What if successful strategies are sometimes formed through an emergent process of learning and adaptation?
Is following a coherent grand strategy the key to achieving successful outcomes in American foreign policy? For many experts in academia and Washington, the answer is yes. Policymakers usually face criticism when they take incremental actions based on short-term considerations. But could such actions actually converge into a successful emergent strategy over time?

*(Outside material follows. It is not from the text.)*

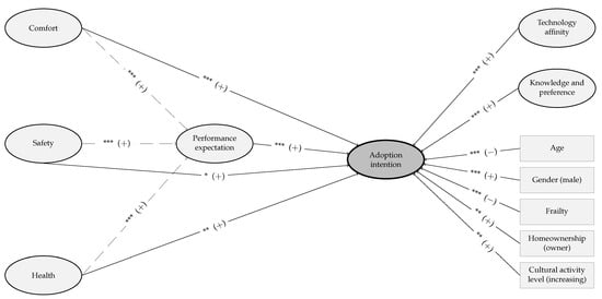 In Table 5, we report the results of the regression model in Equation (8). It shows how perceived benefits related to comfort, safety, and health benefits are associated with performance expectations. The three benefits are significant for the overall perceived usefulness of the technology. Comfort considerations seem most relevant, followed by safety and health benefits.

Ionut Popescu conclusively shows that in some cases, an emergent learning model leads to better overall strategic performance than a long-term strategic plan or framework. Popescu argues that it is time to rethink the origins of some of the most important successes and failures of America’s tenure as a global superpower after World War II. Presenting empirical data culled from archival research and interviews with higher-ups, Popescu covers eight US presidential administrations, ranging from Truman to Obama, to demonstrate that senior policymakers should be skeptical of the idea that formulating and implementing a long-term grand strategy is the road to a successful foreign policy legacy.
Instead, the book asserts, leaders should prioritize learning from the almost unavoidable mistakes they will make early in their careers and adapting their plans to unanticipated events and changes in the international environment. Emergent Strategy and Grand Strategy thus offers both scholars and practitioners of foreign policy an original theoretical framework to explain strategic success.